Mundo ficciónIniciar sesiónMichaela jamás imaginó que su primer día en la empresa de marketing más poderosa del país se convertiría en el inicio de un juego peligroso. Él estaba allí. El hombre con el que se cruzó por casualidad, el desconocido que la hizo temblar con una sola mirada… era su nuevo jefe. Nicolás Blackwell, CEO temido y enigmático, guarda secretos oscuros y un pasado marcado por la traición. El amor no existe en su mundo, solo el control y los pactos prohibidos. Y Michaela, contra toda lógica, acaba atrapada en su red. Entre contratos ambiguos, miradas que arden y un deseo que la consume, Michaela deberá decidir hasta dónde está dispuesta a llegar. Pero no todo se reduce a él. Claudio, un hombre encantador y seductor, aparece en su camino dispuesto a protegerla de Nicolás… y quizás también a reclamarla. Celos, obsesión y deseo se entrelazan en una trama donde nada es lo que parece. Porque amar a un hombre como Nick significa ponerlo todo en riesgo: su carrera, su corazón… y su libertad.

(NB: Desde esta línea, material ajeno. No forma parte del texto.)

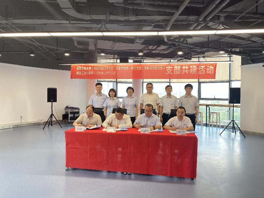 第一教工党支部、民航研究院党支部、机关党支部与航空工业计算所民机事业部党支部开展支部共建活动签约仪式,仪式在航空工业计算所千山园区民机科研楼举行。

Leer másLa lluvia caía como si el cielo tuviera algo que purgar. Michaela caminaba rápido, demasiado rápido para los tacones que llevaba, pero necesitaba alejarse del restaurante y de las conversaciones vacías sobre cifras, proyecciones y contactos que nunca llevarían a ninguna parte. Ericka iba a su lado, hablando de algo —¿el hombre de la mesa seis?, ¿un nuevo cliente potencial?—, pero las palabras se perdían en el ruido de la ciudad.
—Mic, para. —Ericka la detuvo bajo una farola, el resplandor amarillento haciendo que sus rizos castaños brillaran como cobre mojado—. No me has escuchado nada en los últimos diez minutos.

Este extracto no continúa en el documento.